Degrees Between Life and Death
By Sydney O'Shaughnessy
A man dressed in gray slacks, a white-striped button down shirt and a blue tie blots his brow and takes a cursory look at the honking cars, concrete buildings, sidewalks and streets. He’s been walking for ten minutes, and already his back is soaked and his dark hair is slick with sweat. He ducks into the nearest Starbucks, orders an iced vanilla latte, and sits near an AC vent to cool off. He isn’t sure how much more of this heat he can take. He listens to the café radio and recognizes the local pop music station. The DJ gives the weather report.
“Hope your Friday is treating you well, folks ‘cuz it ’s going to be a hot one. We’ll see temperatures rise into the triple digits on Saturday. The April heat is settling in over the East Coast. And no relief in sight…”

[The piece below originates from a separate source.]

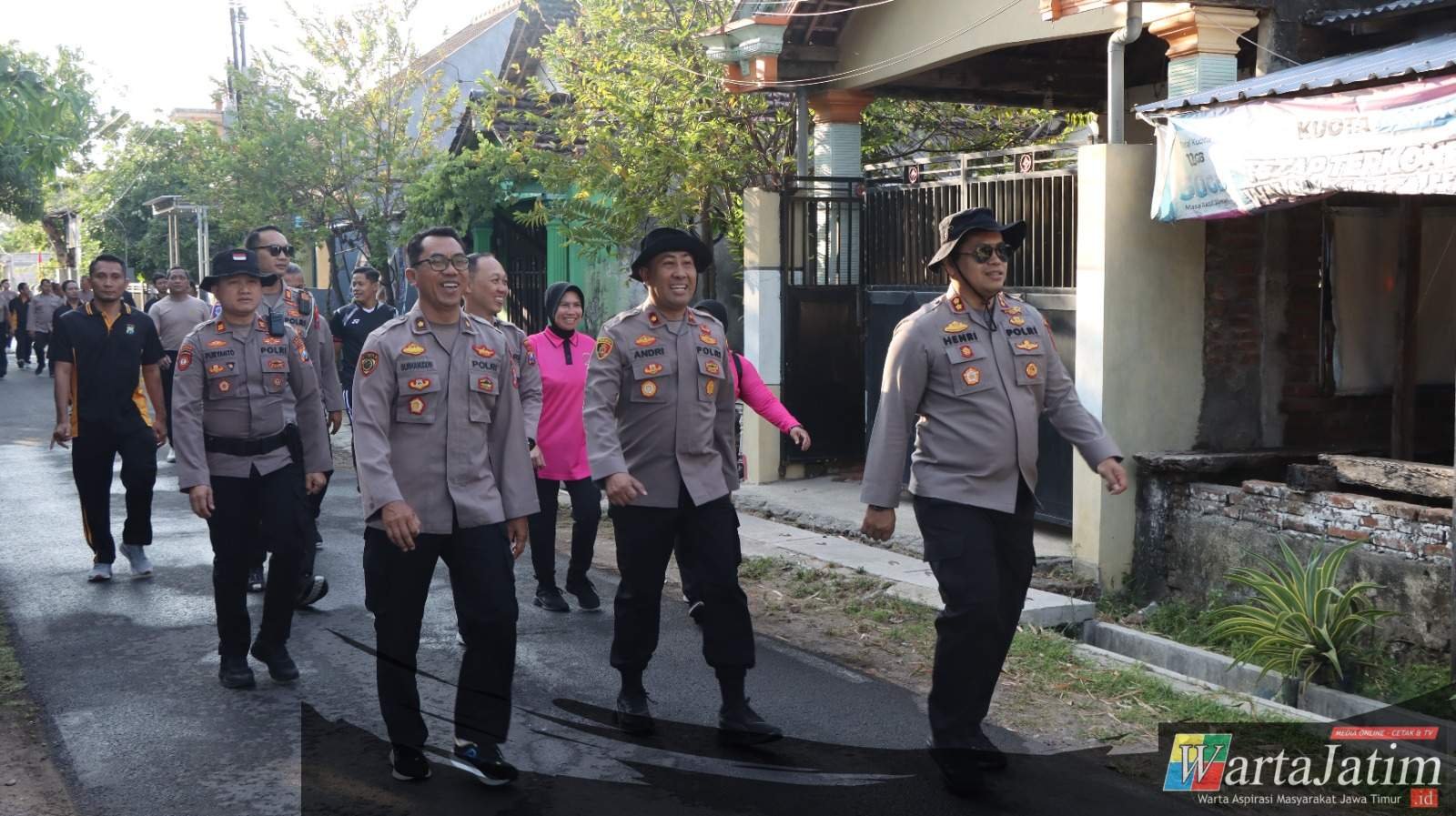 Nganjuk – Wartajatim.id || Kapolres Nganjuk AKBP Henri Noveri Santoso, S.H., S.I.K., M.M., bersama jajarannya melaksanakan kegiatan jalan sehat sejauh 5 kilometer di wilayah sekitar Kota Nganjuk pada Minggu (7/9/2025). Selain untuk menjaga kebugaran dan stress relieve, kegiatan ini juga menjadi ajang harkamtibmas dengan menyapa masyarakat yang tengah beraktivitas.

The man throws his cup away, walks out of the café and is greeted once more by the relentless and heavy wall of heat. Above him, a clear blue sky stretches endlessly over the streets of Philadelphia, interrupted only by the skyscrapers of Center City. The white-hot sun reflects off windows and shimmering concrete. At street level, hundreds of cars speed from stoplight to stoplight. At the far end of the sidewalk, the uneven heating of air above the asphalt creates wavering mirages of people and uniforms. Pedestrians stop momentarily in front of open shop doors where the air conditioning spills out onto the sidewalk and briefly coalesces into children and panting dogs. Sweaty shirts cling to the backs and chests of street vendors. It’s so warm there are no bugs.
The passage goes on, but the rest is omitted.